- Full Atomistic MD
- Molecular structure / Affinity / Solubility
- Life Science
Free energy change of polypeptides by Steered MD
Analysis of the free energy change along the reaction coordinate
Objectives and Methods
In Steered Molecular Dynamics (SMD), the structure of a system is forced to change by virtual particles, and the work done on the system, W, can be evaluated from the force, f, applied to the virtual particles, and the free energy change due to the structural change, ΔF, can be calculated.
Using this method, we calculated the free energy change during the conformational change from the elongated state to the helix state using the end-to-end distance of the polypeptide as the reaction coordinate. As shown in Fig. 1, we modeled a decamer of alanine as a polypeptide and set up a GAFF force field; the N-terminus was fixed, a virtual particle was bound to the C-terminus, and SMD calculations were performed to change the end-to-end distance. The ensemble average of work W was calculated from 10 trajectories. The velocity v of the virtual particle was 0.1 m/s and 1.0 m/s.
Fig. 1 Model used in the calculation (decamer of alanine). The N-terminus is fixed and the C-terminus is moved.
Analysis Results
Figure 2 shows the calculated free energy change plotted against the distance between the ends.

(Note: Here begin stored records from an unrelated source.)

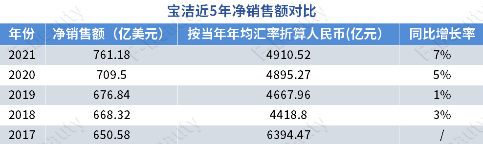 而此前宝洁2021年净销售额为 761 亿美元(约合人民币4898亿元),即2022年宝洁净销售额将达到791亿美元(约合人民币5091亿元)至799亿美元(约合人民币5143亿元)。
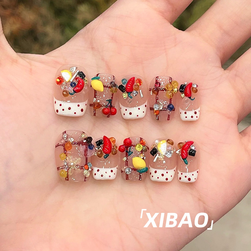 淘宝法式穿戴甲短款手工夏日精致穿戴美甲2025新款高级感重工指甲贴片
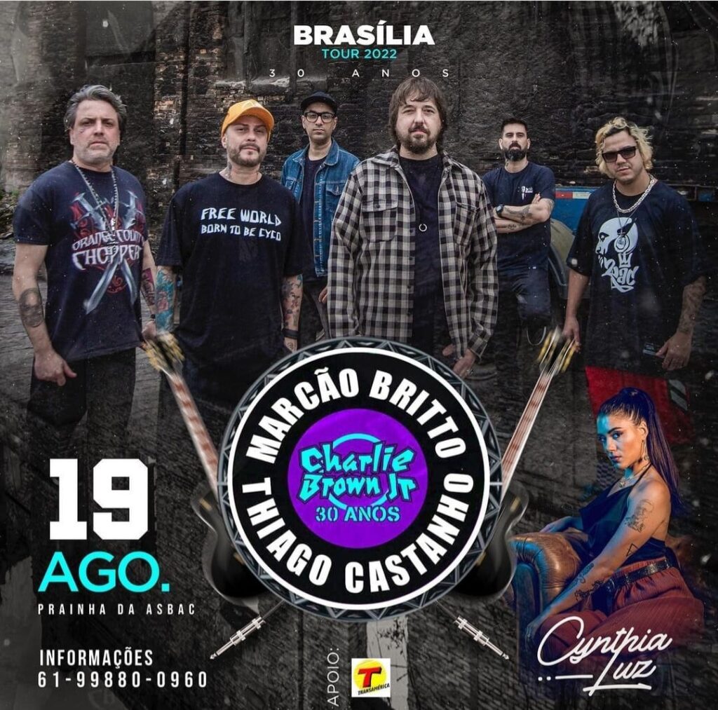 Depois de 9 anos longe dos palcos, a banda Charlie Brown Jr se reúne para comemorar dois momentos especiais de suas carreiras: o lançamento do projeto Marcão Britto e Thiago Castanho e os 30 anos do grupo. O vocalista da banda Tihuana, Egípcio, também participa da festa. O evento ainda contará com a apresentação da artista de hip hop Cinthia Luz.
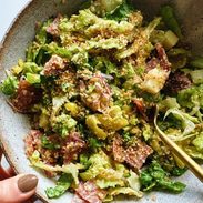 Wow this is salad is delicious we made it for having guests over twice in a row! Such a winner. It’s bright and fresh, but has so many great special flavors like the peppers. Instead of pepperocini peppers, we use banana peppers to tone down the spice a bit. I’ve also found you can cut the breadcrumbs in half, and it’s still plenty and delicious. Highly recommend!
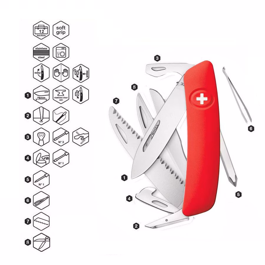 SWIZA® D10 Authentic Swiss Knife, är en fickkniv tillverkat i Schweiz med säkert grepp och mjuka handtag som ligger bekvämt i handen. Den ergonomiska böjda designen gör verktygen mer tillgängliga och tumhålen gör det lätt att öppna för både vänsterhänta och högerhänta. Knivbladet är låsbart för att förhindra stängning unde arbete. Bladet kan låsas upp genom att trycka på SWIZA-korset.
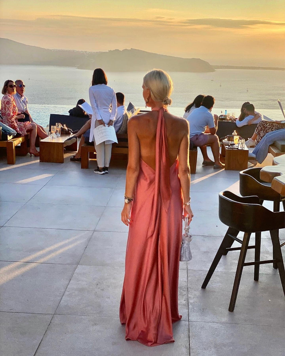 Satin Elegant Maxi long Dress: Backless Halter Neck
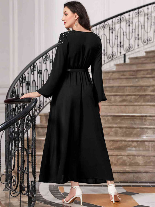 Sold outPlunge Neck Tie Sleeve Maxi Dress
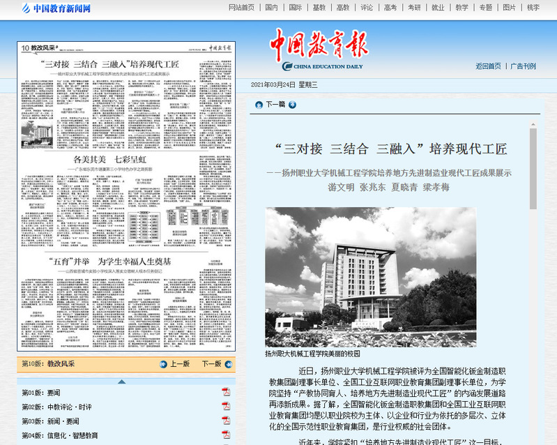 扬州职业大学机械工程学院创新的“三结合”包括:专业建设结合企业需求、人才培养方案结合岗位职业标准、教学内容更新结合先进技术,为人才培养探索了新路经。

On the left side of the figure are the free energy changes calculated with v=0.1 m/s, for the contracting process from the elongated state (contracting) and the stretching process from the helix (stretching).
The results are almost the same for both processes, although there is a discrepancy in the region where the distance between the ends is long. Ideally, the same free energy difference should be obtained regardless of the process.
On the right side of the figure, we compare the free energy change of the elongation process with respect to the velocity of the virtual particle, and the free energy change is smaller when v=0.1m/s is used.
The calculated free energy difference is larger than the result in reference [1], which is mainly due to the difference in the force field.
Figure 2 (Left) Free energy change of the elongated-helix state of a polypeptide. (Right) Free energy change for different virtual particle velocities.
- Reference
- [1] S. Park, et al., “Free Energy Calculation from Steered Molecular Dynamics Simulations Using Jarzynski ’ s Equality,” J. Chem. Phys., 119, 3553, (2003).